Given information:

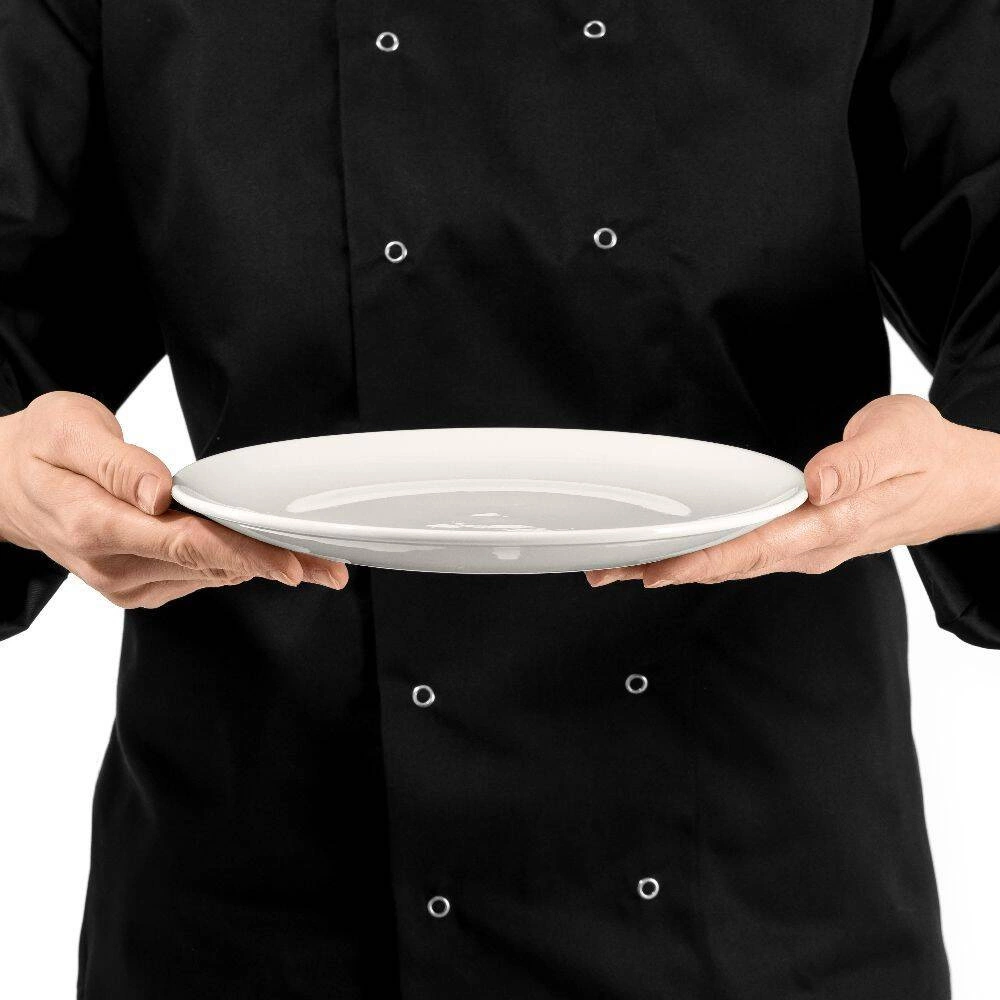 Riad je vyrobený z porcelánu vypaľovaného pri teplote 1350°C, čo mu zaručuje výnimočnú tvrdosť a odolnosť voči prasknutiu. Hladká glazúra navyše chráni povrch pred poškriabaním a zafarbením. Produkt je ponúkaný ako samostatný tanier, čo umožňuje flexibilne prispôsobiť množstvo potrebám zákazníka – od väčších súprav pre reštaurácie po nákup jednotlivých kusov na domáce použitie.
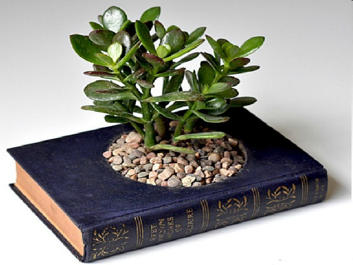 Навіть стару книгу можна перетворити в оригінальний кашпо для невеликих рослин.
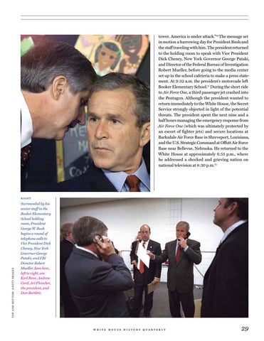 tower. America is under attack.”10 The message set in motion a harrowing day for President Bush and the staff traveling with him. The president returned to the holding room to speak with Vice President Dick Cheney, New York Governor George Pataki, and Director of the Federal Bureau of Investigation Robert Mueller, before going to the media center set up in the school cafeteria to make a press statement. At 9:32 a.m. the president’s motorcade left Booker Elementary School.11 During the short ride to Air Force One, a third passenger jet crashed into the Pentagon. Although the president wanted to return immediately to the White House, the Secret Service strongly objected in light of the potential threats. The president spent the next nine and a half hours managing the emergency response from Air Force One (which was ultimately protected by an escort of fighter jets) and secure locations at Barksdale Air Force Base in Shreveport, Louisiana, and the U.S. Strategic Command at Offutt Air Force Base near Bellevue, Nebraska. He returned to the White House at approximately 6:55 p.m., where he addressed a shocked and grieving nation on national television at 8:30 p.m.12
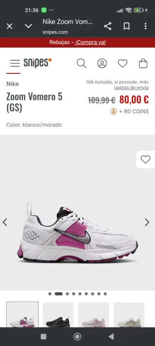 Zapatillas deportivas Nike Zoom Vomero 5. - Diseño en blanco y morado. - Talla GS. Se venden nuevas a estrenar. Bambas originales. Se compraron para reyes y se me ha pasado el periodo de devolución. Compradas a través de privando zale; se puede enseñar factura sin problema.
--
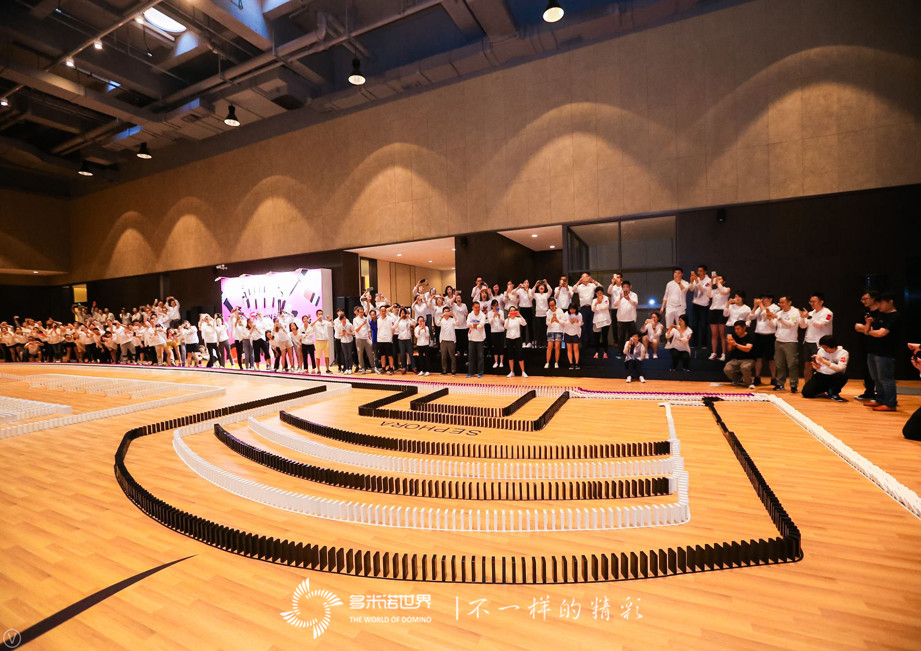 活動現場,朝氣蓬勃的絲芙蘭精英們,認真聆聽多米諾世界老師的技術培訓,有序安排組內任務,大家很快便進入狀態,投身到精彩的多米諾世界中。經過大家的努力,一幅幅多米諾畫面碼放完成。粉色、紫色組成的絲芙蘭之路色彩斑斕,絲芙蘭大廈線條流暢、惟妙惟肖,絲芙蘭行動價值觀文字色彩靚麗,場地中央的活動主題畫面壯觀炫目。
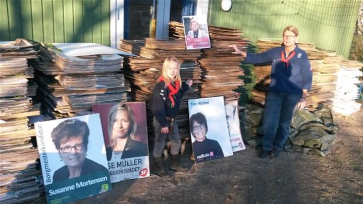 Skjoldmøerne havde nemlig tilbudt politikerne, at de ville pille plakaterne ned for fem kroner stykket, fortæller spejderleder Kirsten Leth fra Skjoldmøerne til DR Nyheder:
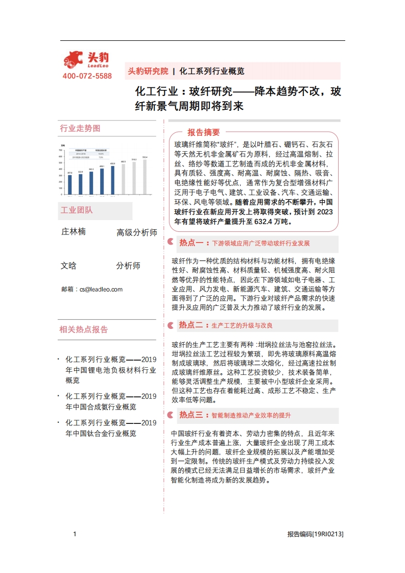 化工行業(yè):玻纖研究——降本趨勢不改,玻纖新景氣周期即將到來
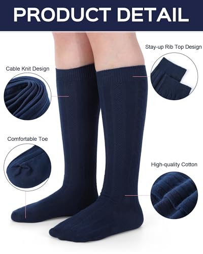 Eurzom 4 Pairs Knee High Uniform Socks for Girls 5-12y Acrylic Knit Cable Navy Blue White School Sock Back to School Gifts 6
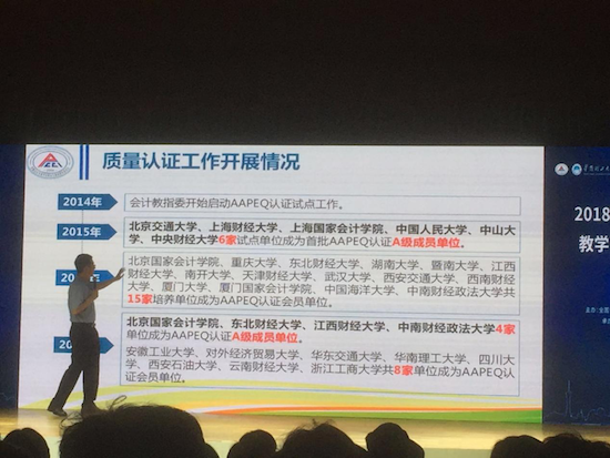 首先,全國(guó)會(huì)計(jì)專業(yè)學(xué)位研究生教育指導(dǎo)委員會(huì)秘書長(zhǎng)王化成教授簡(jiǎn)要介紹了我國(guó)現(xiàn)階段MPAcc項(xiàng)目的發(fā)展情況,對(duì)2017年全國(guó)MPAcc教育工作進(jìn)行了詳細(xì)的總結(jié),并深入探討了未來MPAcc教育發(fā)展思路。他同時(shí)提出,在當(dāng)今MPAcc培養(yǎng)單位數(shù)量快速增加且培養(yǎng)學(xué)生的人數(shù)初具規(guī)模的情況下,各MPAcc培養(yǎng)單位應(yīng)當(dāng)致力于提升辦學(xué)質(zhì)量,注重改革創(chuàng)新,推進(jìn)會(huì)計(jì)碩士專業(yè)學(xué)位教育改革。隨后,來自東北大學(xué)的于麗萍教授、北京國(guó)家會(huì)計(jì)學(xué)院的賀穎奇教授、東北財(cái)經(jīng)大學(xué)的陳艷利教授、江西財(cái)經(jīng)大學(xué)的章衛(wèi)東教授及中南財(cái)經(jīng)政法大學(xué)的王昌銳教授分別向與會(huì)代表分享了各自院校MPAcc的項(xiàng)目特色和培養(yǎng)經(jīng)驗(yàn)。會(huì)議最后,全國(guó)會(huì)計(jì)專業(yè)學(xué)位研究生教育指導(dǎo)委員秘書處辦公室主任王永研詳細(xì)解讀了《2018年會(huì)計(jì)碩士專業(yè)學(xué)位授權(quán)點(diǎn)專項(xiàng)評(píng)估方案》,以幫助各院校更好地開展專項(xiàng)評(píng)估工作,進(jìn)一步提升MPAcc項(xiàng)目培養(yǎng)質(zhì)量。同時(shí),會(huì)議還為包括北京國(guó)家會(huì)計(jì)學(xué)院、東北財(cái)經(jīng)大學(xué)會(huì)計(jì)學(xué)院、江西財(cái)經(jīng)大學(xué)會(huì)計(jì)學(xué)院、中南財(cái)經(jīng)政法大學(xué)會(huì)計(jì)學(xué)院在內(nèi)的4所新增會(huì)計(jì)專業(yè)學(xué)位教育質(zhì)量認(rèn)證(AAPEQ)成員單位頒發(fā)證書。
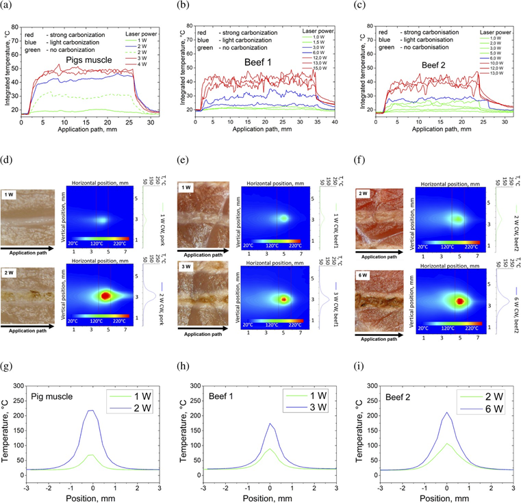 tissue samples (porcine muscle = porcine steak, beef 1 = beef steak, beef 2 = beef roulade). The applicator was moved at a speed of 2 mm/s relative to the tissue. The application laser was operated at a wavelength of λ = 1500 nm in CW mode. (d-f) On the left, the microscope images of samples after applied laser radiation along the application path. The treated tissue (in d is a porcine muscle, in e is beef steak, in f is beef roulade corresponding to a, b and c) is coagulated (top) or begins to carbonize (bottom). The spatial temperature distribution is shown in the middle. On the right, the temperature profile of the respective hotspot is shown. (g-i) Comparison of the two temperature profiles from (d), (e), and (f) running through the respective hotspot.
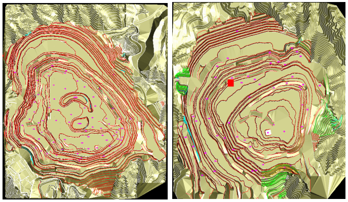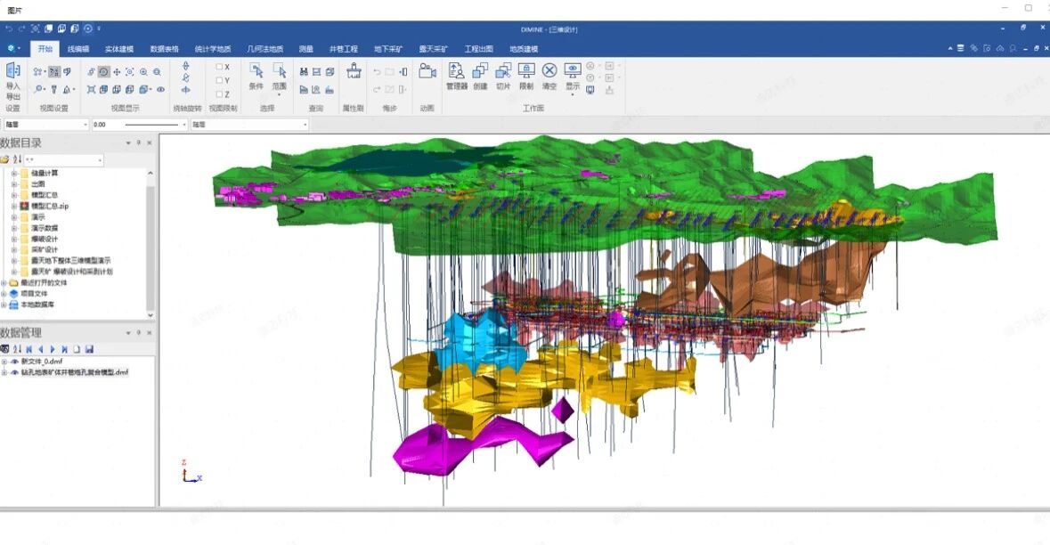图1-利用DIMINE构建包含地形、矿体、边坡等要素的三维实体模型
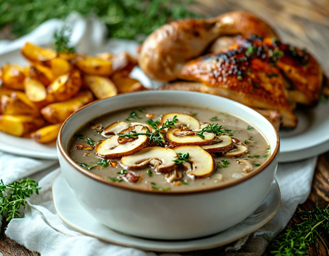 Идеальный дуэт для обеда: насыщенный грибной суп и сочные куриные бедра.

Task description: Reproduce the entries exactly, from the line with "Riad je vyrobený" to the line with "tower. America is", both lines included, keeping no pictures.

Result for this task:
 Riad je vyrobený z porcelánu vypaľovaného pri teplote 1350°C, čo mu zaručuje výnimočnú tvrdosť a odolnosť voči prasknutiu. Hladká glazúra navyše chráni povrch pred poškriabaním a zafarbením. Produkt je ponúkaný ako samostatný tanier, čo umožňuje flexibilne prispôsobiť množstvo potrebám zákazníka – od väčších súprav pre reštaurácie po nákup jednotlivých kusov na domáce použitie.
 Навіть стару книгу можна перетворити в оригінальний кашпо для невеликих рослин.
 tower. America is under attack.”10 The message set in motion a harrowing day for President Bush and the staff traveling with him. The president returned to the holding room to speak with Vice President Dick Cheney, New York Governor George Pataki, and Director of the Federal Bureau of Investigation Robert Mueller, before going to the media center set up in the school cafeteria to make a press statement. At 9:32 a.m. the president’s motorcade left Booker Elementary School.11 During the short ride to Air Force One, a third passenger jet crashed into the Pentagon. Although the president wanted to return immediately to the White House, the Secret Service strongly objected in light of the potential threats. The president spent the next nine and a half hours managing the emergency response from Air Force One (which was ultimately protected by an escort of fighter jets) and secure locations at Barksdale Air Force Base in Shreveport, Louisiana, and the U.S. Strategic Command at Offutt Air Force Base near Bellevue, Nebraska. He returned to the White House at approximately 6:55 p.m., where he addressed a shocked and grieving nation on national television at 8:30 p.m.12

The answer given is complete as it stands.